Dataset records
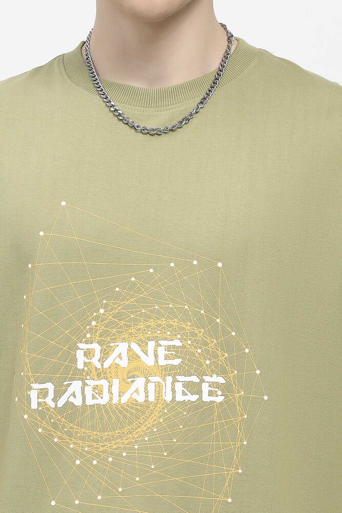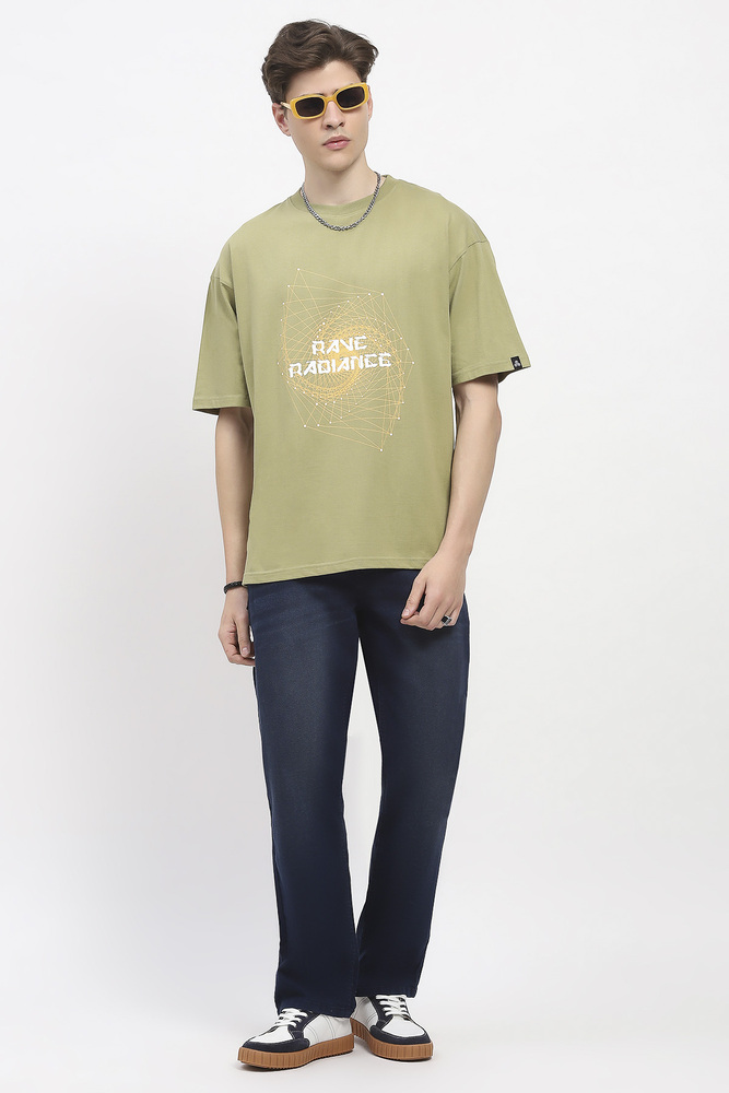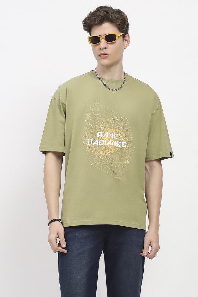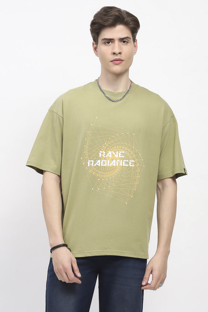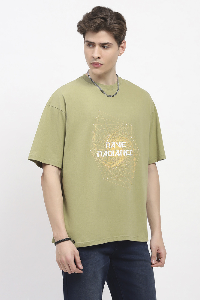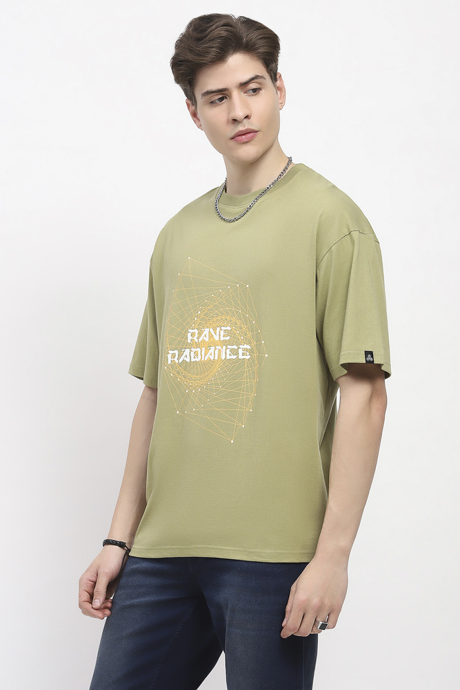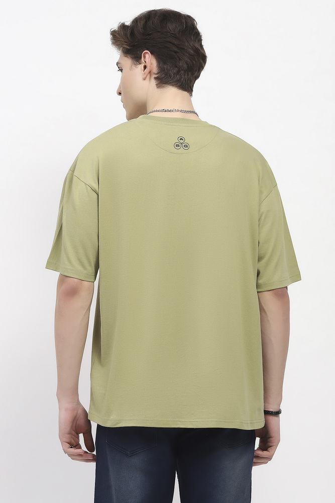 ABG Men Olive Green Printed Oversized Cotton Spandex Casual T-Shirt
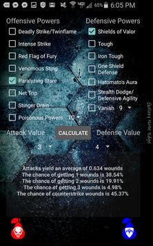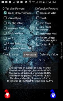 A probability calculator for Heroscape and Arena of the Planeswalkers that gives average wounds per attack, and percent chance of getting at least 1-6 wounds in that attack.
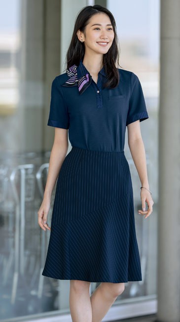 今までの事務服はベストでしたが、お腹周りが気になって、初めてポロシャツにしてみました。
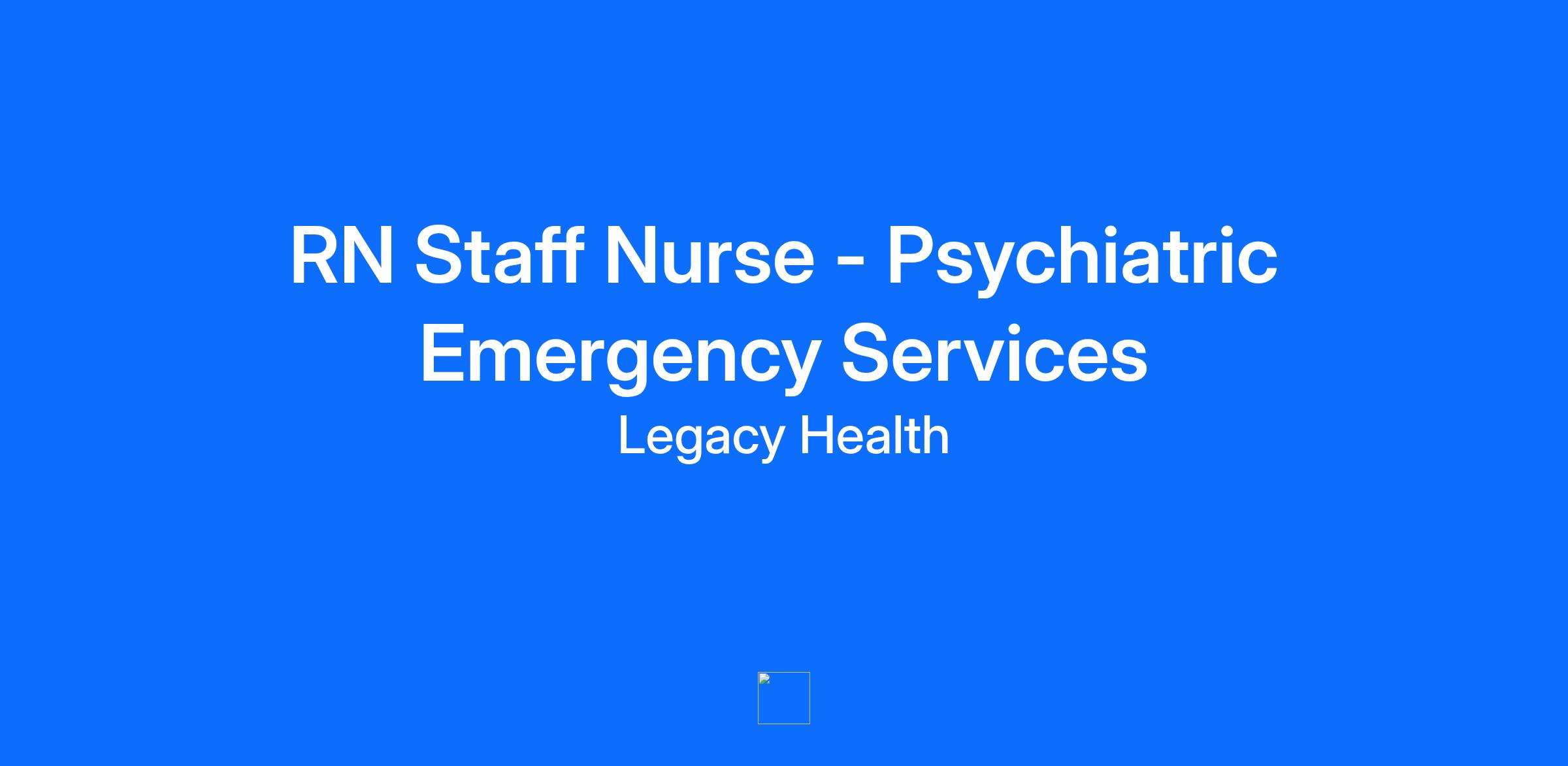 Overview The Legacy nursing philosophy focuses on patients and their families. Our nurses embody this philosophy in everything they do, as advocates, communicators, problem-solvers and caregivers. Their expertise is sought after and respected by our health care team. In short, they are the face of wellness at Legacy. Does this sound like an environment in which you could thrive? If so, we invite you to consider this opportunity. Unity is founded on a mission of trauma-informed care and destigmatizing behavioral health diagnoses. Unity nurses strive to innovate and elevate behavioral health nursing through holistic treatment of our patients. Unity nurses apply their behavioral health specialty through high-level critical thinking, individualized patient care plans, early interventions, specialized assessments, and de-escalation and motivational interviewing techniques. Unity nurses maintain their physical health skills as part of our holistic treatment including attending to physical health needs such as assessment, wound care, and phlebotomy. We welcome nurses from all backgrounds to join our team who share our values of inclusion, kindness, and excellence and a heart for the behavioral health population! As Oregon’s first and only Psychiatric Emergency Services (PES) we provide emergent care to people experiencing a behavioral health crisis. For our patients, the PES is often the first step to recovery and treatment. Our patients are highly acute and often require varied and intensive interventions to start stabilization. Integral to emergency services with 24/7 nursing, care management, and provider coverage, the nursing work is fast-paced and dynamic. Our nurses thrive in working with our community’s most vulnerable individuals. Responsibilities Responsible for patient care within an assigned department/unit and participates as a member of the health care team in cooperation with and under the direction of the clinical manager or designee as defined by the relevant Standards and Scope of Practice for the Registered Nurse. The RN Staff Nurse assesses, analyzes, plans, implements and evaluates patient care following established patient care standards for Legacy Health System including those for patient assessment and transfer. Qualifications Education: As required by licensure. BSN or degree in progress strongly preferred. BSN may be required for specific assignments; experienced RNs without a BSN may be hired based on clinical experience with approval of the site CNO. Experience: One-year registered nursing experience or completion of either the Legacy Health RN Residency program or a nursing program that is equivalent in content, curriculum and duration. Additional clinical experience requirements may vary dependent upon the specific department in which the position is utilized. Knowledge/Skills: Demonstrated ability of positive interpersonal and communication skills with colleagues, patients, families, physicians and the community. Keyboard skills and ability to navigate electronic systems applicable to job functions. Licensure Current applicable state RN license required. AHA BLS for Healthcare Providers. Pay Range USD $54.37 - USD $81.21 /Hr. Our Commitment to Health and Equal Opportunity Our Legacy is good for health for Our People, Our Patients, Our Communities, Our World. Above all, we will do the right thing. If you are passionate about our mission and believe you can contribute to our team, we encourage you to apply—even if you don't meet every qualification listed. We are committed to fostering an inclusive environment where everyone can grow and succeed. Legacy Health is an equal opportunity employer and prohibits unlawful discrimination and harassment of any type and affords equal employment opportunities to employees and applicants without regard to race, color, religion or creed, citizenship status, sex, sexual orientation, gender identity, pregnancy, age, national origin, disability status, genetic information, veteran status, or any other characteristic protected by law. To learn more about our employee benefits click here: www.legacyhealth.org/For-Health-Professionals/careers/benefiting-you
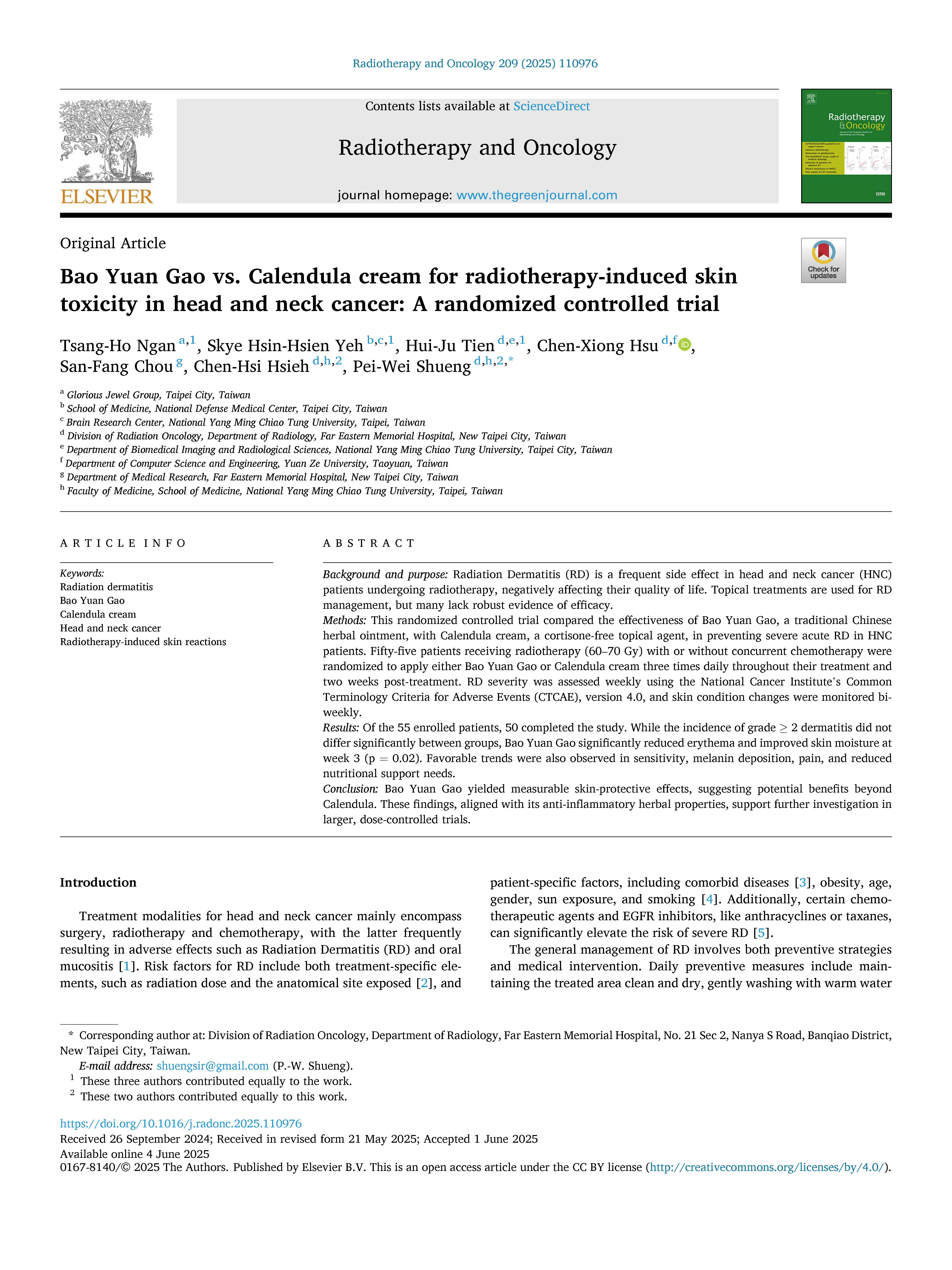 本集團支持的傳統中藥膏「寶圓膏」,其臨床研究成果近日獲國際高度肯定,正式刊登於歐洲放射腫瘤學會(ESTRO)官方學術期刊 Radiotherapy & Oncology。該刊為全球放射腫瘤領域頂尖期刊之一,長年位居核心引用指標之列,影響因子逾5,審查嚴謹、錄取率標準極高。在西方醫學體系裡,對中藥向來不寬容。能在這樣的旗艦級核心期刊中看見一篇中藥膏的臨床研究,相當少有難得。

* [TASK OBJECTIVE]:
Your answer must be an exact copy of the lines from the start of the entries through the line with "今までの事務服はベストでした", with no pictures.

* [WRITTEN SOLUTION]:
 ABG Men Olive Green Printed Oversized Cotton Spandex Casual T-Shirt
 A probability calculator for Heroscape and Arena of the Planeswalkers that gives average wounds per attack, and percent chance of getting at least 1-6 wounds in that attack.
 今までの事務服はベストでしたが、お腹周りが気になって、初めてポロシャツにしてみました。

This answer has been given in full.